Under the agreement with NASA, Google will build a 1.2 million square-foot corporate campus that includes fitness and daycare facilities, corporate housing and general office space. The project, which is scheduled to commence in 2013, will allow Google to create an integrated office and residential complex that looks out over the San Francisco Bay.

Google has yet to release any other specifics on the upcoming campus, including how many people will work and live there, according to the news source.

Michael Marlaire, director of the NASA Research Park Office at the California base, said that Google did not need to release the plans because it is "proprietary information a company has made available to the government which would be likely to cause the company substantial competitive harm if released."

Gregory Davies, a vice president with commercial real estate firm Cassidy Turley CPS, told The Mercury News that Google is being forced to step away from its Mountain View, California headquarters because there is simply no space left to expand. The company's main corporate campus is boxed in by Highway 101, NASA's campus and another business park.

"You don't have a normal market," Davies told the paper. "You have one of Silicon Valley's biggest users of real estate in a development-constrained location. The equation is strongly in favor of Google. They are the 800-pound gorilla in that sandbox."
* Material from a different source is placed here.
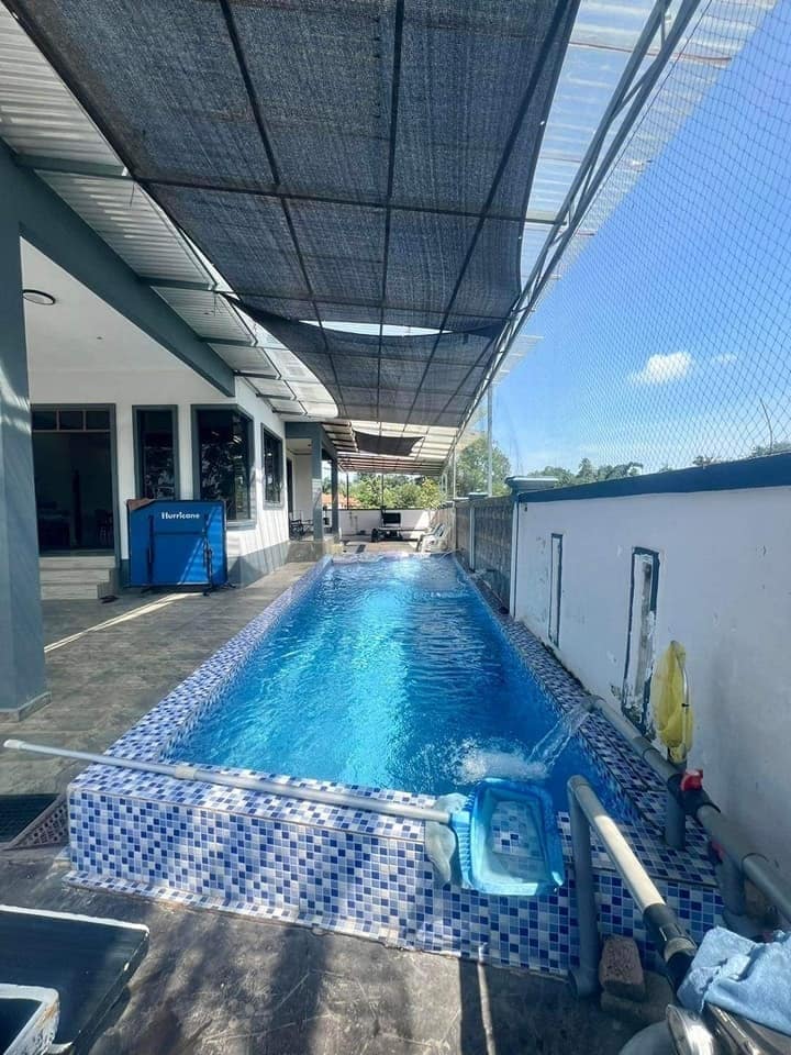 This place is located in Wakaf Beruas, Kuala Terengganu, just a short drive from popular tourist attractions, including Keropok Losong, Nasi Dagang Atas Tol Hiliran, Terengganu State Museum, Pantai Batu Buruk, Pasar Payang, and the city center. The 18x10ft pool (2ft & 3.5ft deep) can be seen and accessed directly from the living room, master bedroom, and kitchen. All rooms have air conditioning and the gated parking space is huge, can fit up to 8 cars!

In related news, Google is said to be in negotiations with its Manhattan landlord to purchase one of New York City's largest buildings, which currently houses the search engine giant's East Coast headquarters as well as other large corporations, according to a New York Post report.

If consummated, the deal would give Google complete ownership of the 18-story building located between Eighth and Ninth Avenues in the upscale Chelsea district.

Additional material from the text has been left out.